TASK BRIEF:
Please write out exactly the line containing "首页〉 大乐透杀号 走势图" below and every line after it, through the last one, but leave out any pictures.

DATA SEGMENT:

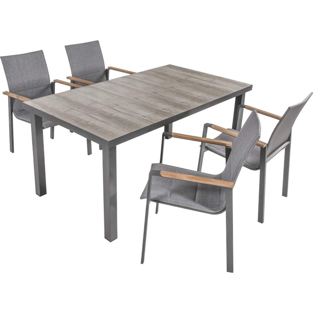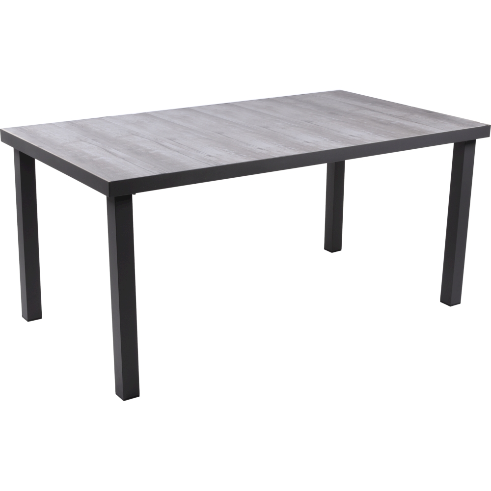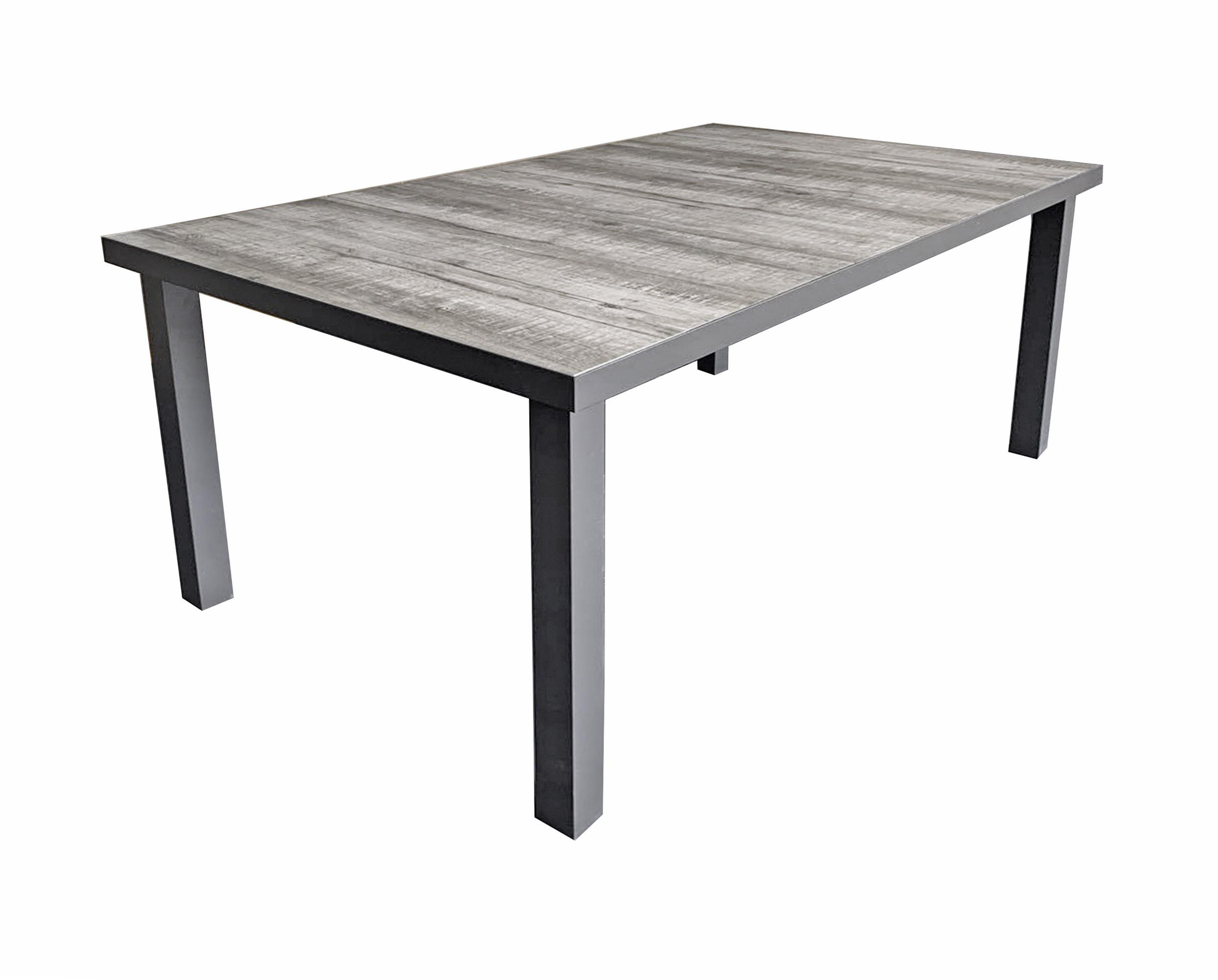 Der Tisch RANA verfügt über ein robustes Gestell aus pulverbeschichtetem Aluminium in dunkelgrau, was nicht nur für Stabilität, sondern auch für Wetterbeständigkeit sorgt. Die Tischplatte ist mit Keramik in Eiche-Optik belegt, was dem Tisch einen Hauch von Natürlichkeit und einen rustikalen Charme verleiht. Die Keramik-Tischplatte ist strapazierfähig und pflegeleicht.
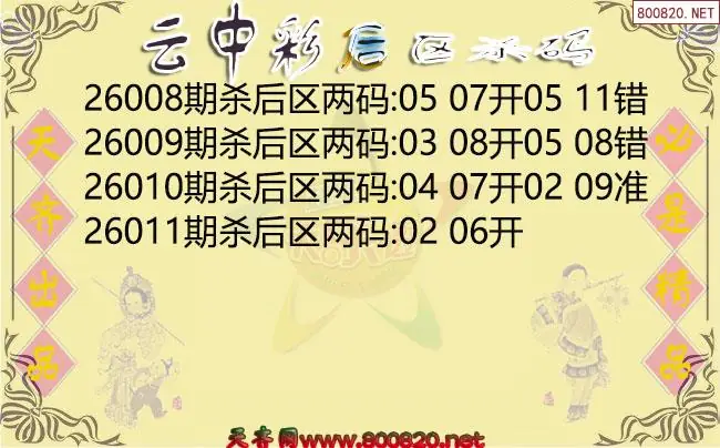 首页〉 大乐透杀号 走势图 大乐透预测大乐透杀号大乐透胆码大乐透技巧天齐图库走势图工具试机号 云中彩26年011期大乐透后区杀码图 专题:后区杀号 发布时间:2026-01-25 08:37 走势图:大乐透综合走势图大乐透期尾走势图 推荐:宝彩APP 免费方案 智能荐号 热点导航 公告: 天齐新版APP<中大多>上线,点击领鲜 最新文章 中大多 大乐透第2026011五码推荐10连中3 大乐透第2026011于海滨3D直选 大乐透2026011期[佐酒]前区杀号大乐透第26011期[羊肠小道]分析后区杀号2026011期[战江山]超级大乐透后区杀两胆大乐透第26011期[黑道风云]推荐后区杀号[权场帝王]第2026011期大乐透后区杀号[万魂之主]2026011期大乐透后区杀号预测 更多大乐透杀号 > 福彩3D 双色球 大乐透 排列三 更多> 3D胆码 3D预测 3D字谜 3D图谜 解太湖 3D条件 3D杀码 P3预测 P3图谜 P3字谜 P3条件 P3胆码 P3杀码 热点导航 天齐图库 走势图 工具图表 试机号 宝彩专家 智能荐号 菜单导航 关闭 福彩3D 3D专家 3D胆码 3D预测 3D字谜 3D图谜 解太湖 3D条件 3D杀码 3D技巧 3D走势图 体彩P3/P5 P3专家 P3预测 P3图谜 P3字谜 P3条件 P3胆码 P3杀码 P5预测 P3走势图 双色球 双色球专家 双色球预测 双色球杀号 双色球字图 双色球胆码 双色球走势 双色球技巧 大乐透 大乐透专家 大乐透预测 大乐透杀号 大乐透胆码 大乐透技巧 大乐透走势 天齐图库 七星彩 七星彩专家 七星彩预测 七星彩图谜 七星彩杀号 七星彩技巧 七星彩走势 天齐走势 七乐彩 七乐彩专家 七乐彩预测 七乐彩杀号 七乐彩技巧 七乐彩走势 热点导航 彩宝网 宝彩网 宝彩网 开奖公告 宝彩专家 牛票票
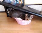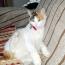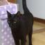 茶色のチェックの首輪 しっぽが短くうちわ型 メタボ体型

EXPECTED OUTPUT:
 首页〉 大乐透杀号 走势图 大乐透预测大乐透杀号大乐透胆码大乐透技巧天齐图库走势图工具试机号 云中彩26年011期大乐透后区杀码图 专题:后区杀号 发布时间:2026-01-25 08:37 走势图:大乐透综合走势图大乐透期尾走势图 推荐:宝彩APP 免费方案 智能荐号 热点导航 公告: 天齐新版APP<中大多>上线,点击领鲜 最新文章 中大多 大乐透第2026011五码推荐10连中3 大乐透第2026011于海滨3D直选 大乐透2026011期[佐酒]前区杀号大乐透第26011期[羊肠小道]分析后区杀号2026011期[战江山]超级大乐透后区杀两胆大乐透第26011期[黑道风云]推荐后区杀号[权场帝王]第2026011期大乐透后区杀号[万魂之主]2026011期大乐透后区杀号预测 更多大乐透杀号 > 福彩3D 双色球 大乐透 排列三 更多> 3D胆码 3D预测 3D字谜 3D图谜 解太湖 3D条件 3D杀码 P3预测 P3图谜 P3字谜 P3条件 P3胆码 P3杀码 热点导航 天齐图库 走势图 工具图表 试机号 宝彩专家 智能荐号 菜单导航 关闭 福彩3D 3D专家 3D胆码 3D预测 3D字谜 3D图谜 解太湖 3D条件 3D杀码 3D技巧 3D走势图 体彩P3/P5 P3专家 P3预测 P3图谜 P3字谜 P3条件 P3胆码 P3杀码 P5预测 P3走势图 双色球 双色球专家 双色球预测 双色球杀号 双色球字图 双色球胆码 双色球走势 双色球技巧 大乐透 大乐透专家 大乐透预测 大乐透杀号 大乐透胆码 大乐透技巧 大乐透走势 天齐图库 七星彩 七星彩专家 七星彩预测 七星彩图谜 七星彩杀号 七星彩技巧 七星彩走势 天齐走势 七乐彩 七乐彩专家 七乐彩预测 七乐彩杀号 七乐彩技巧 七乐彩走势 热点导航 彩宝网 宝彩网 宝彩网 开奖公告 宝彩专家 牛票票
 茶色のチェックの首輪 しっぽが短くうちわ型 メタボ体型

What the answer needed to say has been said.